Roberts tells us "...each member competes subtly to serve better food and wine than his five fellows." 

He also says, "Associations and societies such as the Bordeaux Club are the very acme of civilization." Hyperbole? Perhaps. (It says something that only Bordeaux is in scope, for the club, an historical fact that shows how much the world of wine has changed.)

While these stories offer their own unique pleasures, they also shed light on the history of Napa and the direction our local wine industry–spanning from low wine to high wine culture–chose to go. 

Napa-Bordeaux Connection

Napa went from jug wine coop for Gallo's Hearty Burgundy to wealthy wine enclave and boomtown, a la a mini-Medoc. The reason is connected to these influencers of the post War era. I call them the Classy Gents and you'll recognize them at once. 

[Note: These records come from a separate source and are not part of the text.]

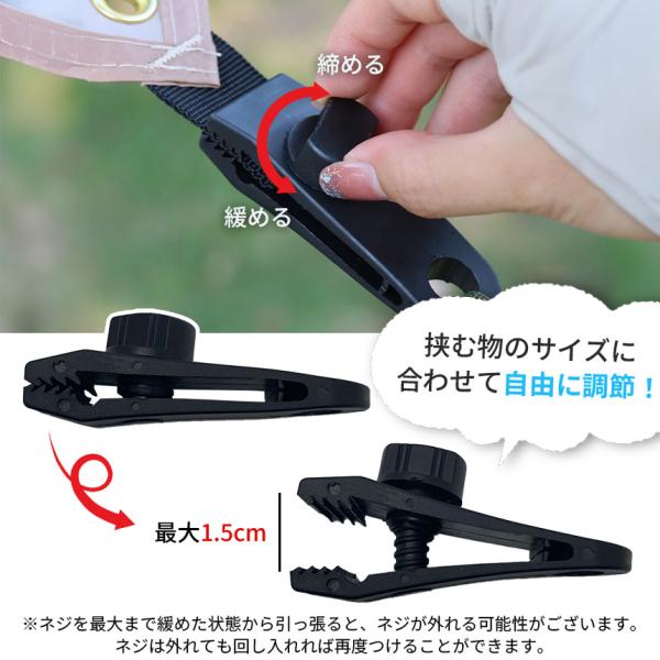 【強力固定】わに口クリップでテントやタープなどの薄めの物から少し厚めの物(最大1.5cm)までしっかり掴んで離さない!スクリューロック式なので、自分で調節してネジをキュッと締めれば固定完了!※ネジを最大まで緩めた状態からさらに引っ張ると、ネジの上部分が取れる可能性があります。※ネジの上部分は取れても再度回し入れて取り付けることができます。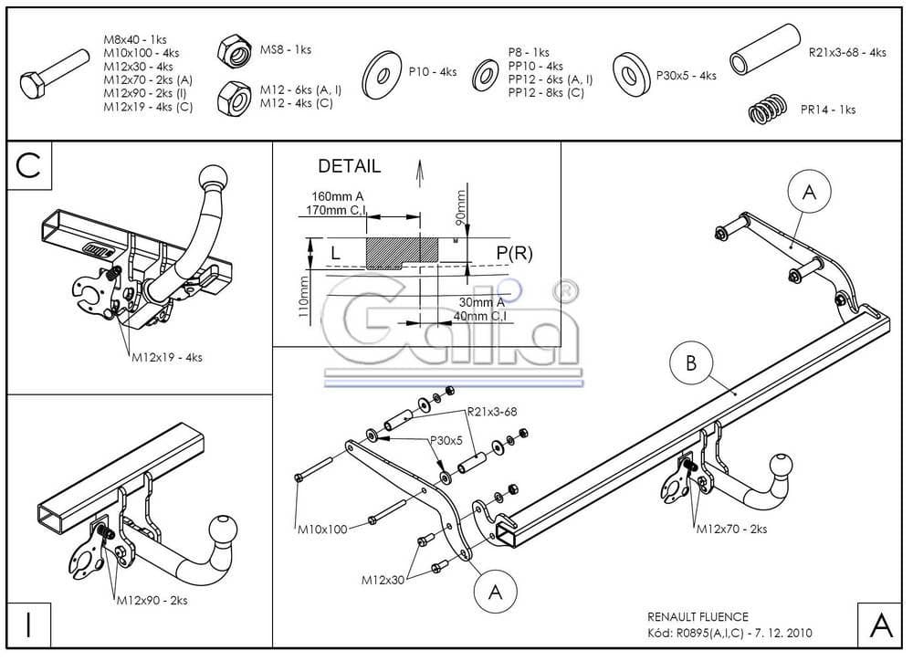 Оцинкованный фаркоп Galia (Словения) с условно съемным крюком на 2-х болтах (тип шара A), вырез в бампере при установке нужен, электрика приобретается отдельно, максимально разрешенная масса прицепа 1400 кг.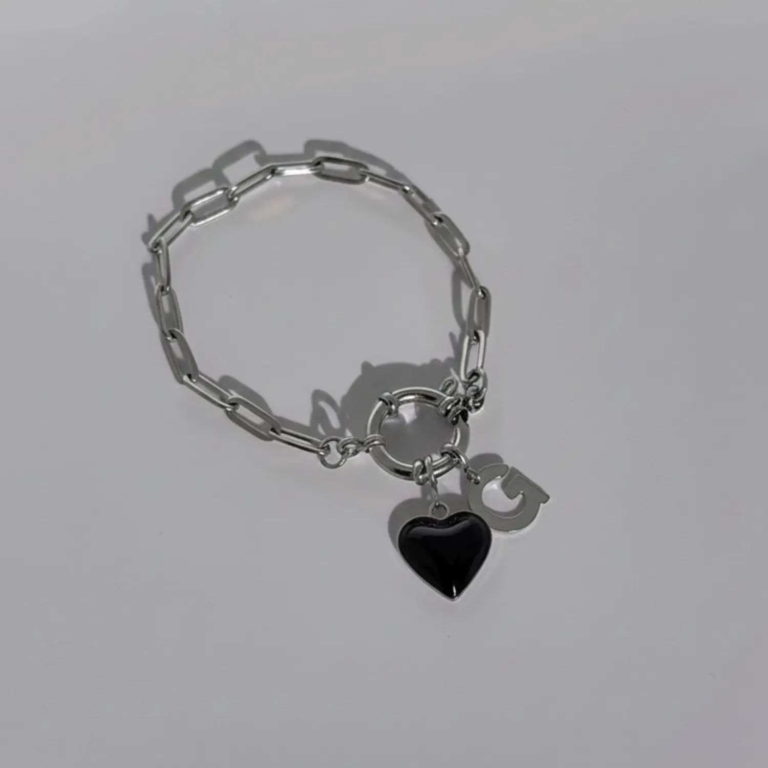 • bracelet connecté en acier argenté avec charm coeur noir et charm initial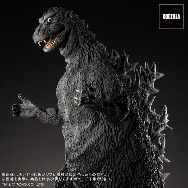 福島県須賀川市の「円谷英二ミュージアム」で怪獣造形監修を努めた酒井氏が、ミュージアムの顔となる初代ゴジラ立像(1号スーツ)を再現する際の原型となったのがこの『怪獣王ゴジラ』(酒井ゆうじ造型工房『30cm怪獣王ゴジラ』2014年)です。映画スタッフへの取材やあらゆる資料から酒井氏が慎重に検証し造型・彩色された円谷英二ミュージアム初代ゴジラ立像は、現存しない初代ゴジラの復刻とも言える再現性で完成し、その後同じ型から生み出された2つの立像、アトラクション用として活躍するスーツ(2号スーツ)が酒井氏造型監修により(株)東宝映像美術が造形し所有しています。 この『ゴジラ(1954)怪獣王ゴジラ ゴジラ・ストア限定復刻スーツ彩色版』は、これら初代ゴジラ立像・スーツをイメージしたカラーリングで酒井氏自らが監修しています。

They're not Robert Mondavi, raised in an Italian immigrant family in Lodi, seeing the prices for Bordeaux wines. But after seeing Bordeaux's economic success, it's no wonder he led the Napa region to commercial and wine success by aping, mimicking and in some cases surpassing (or at least partnering with) the favorite wine of Classy Gents–Bordeaux First Growths–when he launched Opus One, a co-brand with a First Growth–Lafite. 

Due in part to England's global wine trade and its long ties to Bordeaux in history (as well as geographic proximity), Bordeaux–and the grape varieties it grows–have been elevated to top dog in world wine prices (until recent decades) as well as dominant grape variety status. Cabernet is a bet Napa made–and won.

The English authors, merchants, upper class and businessmen so aligned with Bordeaux–and the prices it commanded–indirectly led to Napa's reinvention of itself as a satellite of Bordeaux, catering to marketing for both affluent lifestyles and elitist wine for the wealthy. (Proximity to wealthy San Francisco and Silicon Valley helped).

It also affected everything in California from the fine wine market–including our internationally celebrated Ridge Vineyard–to the cheapest wine grape vineyards. A fifth of California's vineyards are planted to Cabernet. So the book is highly relevant to our local scene. 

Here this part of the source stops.